I have found a recursive problem in one page that says the following:
If a person enter a string with two consecutive letters that are the same, it should put a 5 between them. For example if I enter "hello"
it should print "hel5lo"
I have done the following program in Scheme:
(define (function listT)
(if (empty? listT)
'()
(begin
(if (eq? (car listT) (car (cdr listT)))
(display 5)
(display (car listT))
)))
(function (cdr listT)))
and tested with:
(function'( 'h 'e 'l 'l 'o))
and the problem I got is
car: contract violation
expected: pair?
given: ()
I suppose that is because at one moment (car (cdr listT)) will face an empty list, have tried with a conditional before, but still with some issues.
Is it possible to do it only using recursion over the list of characters with cdr and car? I mean not with new variables, strings, using reverse or loops?
Any help?
Thanks
This happens when there is only one character left in the list; (cdr listT) will be the empty list '() and the car of the empty list is undefined.
So you either need to check that the cdr isn't empty, for example:
(define (f str)
(let loop ((lst (string->list str)) (res '()))
(if (null? lst)
(list->string (reverse res))
(let ((c (car lst)))
(loop (cdr lst)
(cons c
(if (and (not (null? res)) (char=? c (car res)))
(cons #\5 res)
res)))))))
or, instead of looking one character ahead, turn around your logic and keep track of the last character, which is initialised to some value that will be different in every case (not as elegant as the first solution though IMO):
(define (f str)
(list->string
(let loop ((prev #f) (lst (string->list str)))
(if (null? lst)
'()
(let ((c (car lst)))
(if (equal? c prev)
(cons #\5 (cons c (loop c (cdr lst))))
(cons c (loop c (cdr lst)))))))))
[EDIT alternatively, with an explicit inner procedure:
(define (f str)
(define (inner prev lst)
(if (null? lst)
'()
(let ((c (car lst)))
(if (equal? c prev)
(cons #\5 (cons c (inner c (cdr lst))))
(cons c (inner c (cdr lst)))))))
(list->string (inner #f (string->list str))))
]
Testing:
> (f "hello")
"hel5lo"
> (f "helo")
"helo"
> (f "heloo")
"helo5o"
Side note: don't double quote:
> '('h 'e 'l 'l 'o)
'('h 'e 'l 'l 'o)
> (car '('h 'e 'l 'l 'o))
''h
This is probably not what you expected. Instead:
> '(h e l l o)
'(h e l l o)
> (car '(h e l l o))
'h
or
> (list 'h 'e 'l 'l 'o)
'(h e l l o)
> (car (list 'h 'e 'l 'l 'o))
'h
Also note that these are symbols, whereas, since you start from a string, you want characters:
> (string->list "hello")
'(#\h #\e #\l #\l #\o)
EDIT 2
I see you are still struggling with my answer. Here's a solution that should be as minimal as you requested, I hope this is it:
(define (f lst (prev #f))
(unless (null? lst)
(when (equal? (car lst) prev) (display "5"))
(display (car lst))
(f (cdr lst) (car lst))))
or even
(define (f lst)
(unless (null? lst)
(display (car lst))
(when (and (not (null? (cdr lst))) (equal? (car lst) (cadr lst)))
(display "5"))
(f (cdr lst))))
Testing:
> (f '(h e l l o))
hel5lo
> (f '(h e l o))
helo
> (f '(h e l o o))
helo5o
I have found a solution:
(define (func lisT)
(if (empty? (cdr lisT))
(display (car lisT))
(begin
(if (eq? (car lisT) (car (cdr lisT)))
(begin
(display (car lisT))
(display 5)
)
(display (car lisT))
)
(func (cdr lisT))
)
))
Here's a solution including just one, top-level recursive function:
(define (insert list item)
(if (< (length list) 2) ;; not enough elements to compare?

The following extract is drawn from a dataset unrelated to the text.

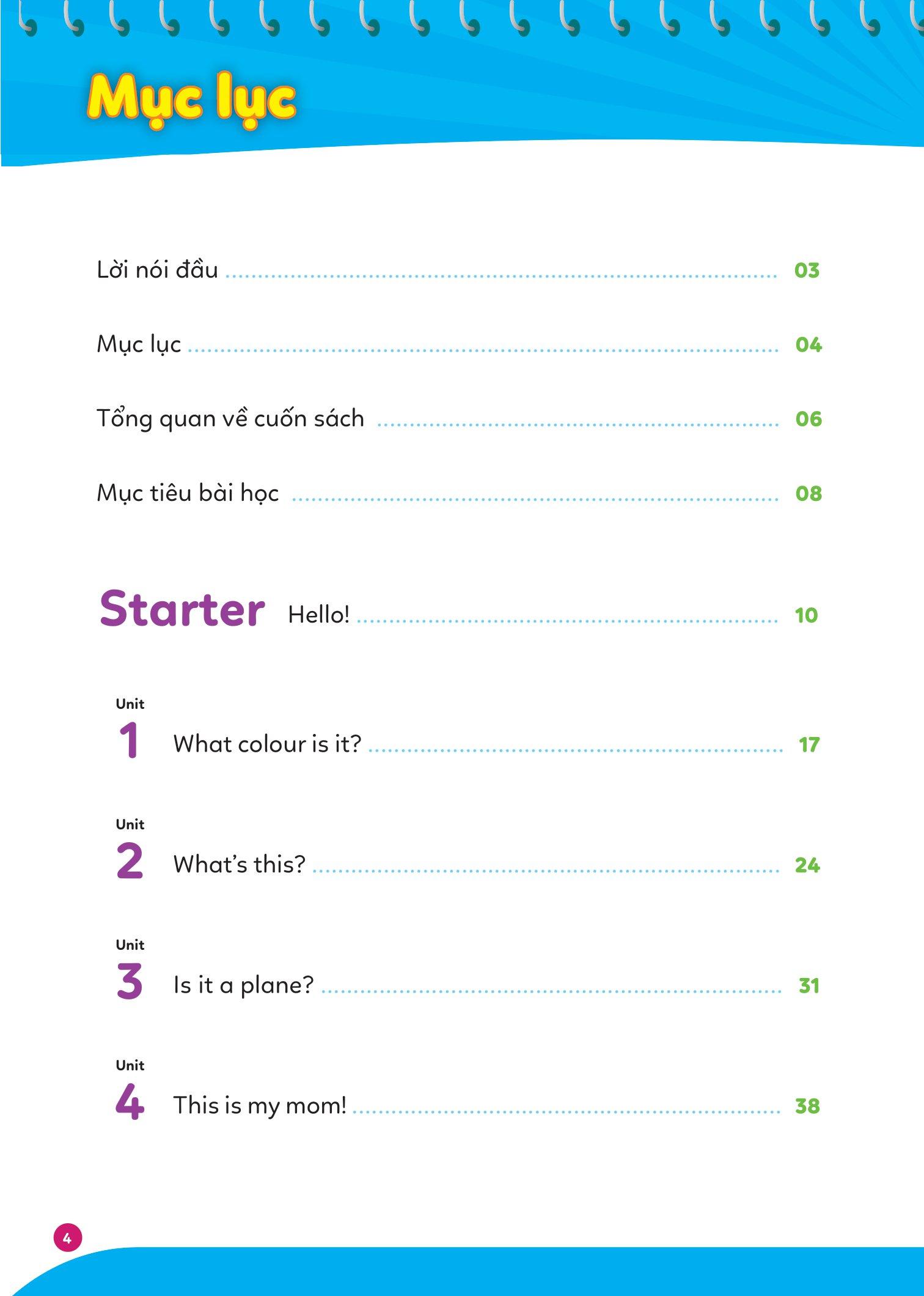 Mỗi cuốn gồm 9 đến 12 chủ đề thân thuộc với các em. Lồng ghép trong mỗi chủ đề chính là các kiến thức và bài tập tiếng Anh, mỗi bài học gồm các phần:

list ;; then just return the input
(let ((first (car list)) ;; capture the first element,
(second (cadr list)) ;; the second element,
(rest (insert (cdr list) item))) ;; and the recursively processed tail
(cons first ;; construct a list with the first element
(if (eq? first second) ;; compare the first two and return either
(cons item rest) ;; the item before the rest
rest))))) ;; or just the rest
It takes as input a list and an item to be inserted between each two consecutive identical elements. It does not display anything, but rather returns another list with the result of the insertion. For example,
(insert '(1 2 2 3 3 3 2 2 1) 0)
results in
(1 2 0 2 3 0 3 0 3 2 0 2 1)
This hopefully solves your problem and seeds further experimentation.
Here is a straightforward function from a list to a list:
(define (add5s s)
(cond ((null? s) s)
((null? (cdr s)) s)
((equal? (car s) (cadr s)) (cons (car s) (cons 5 (add5s (cdr s)))))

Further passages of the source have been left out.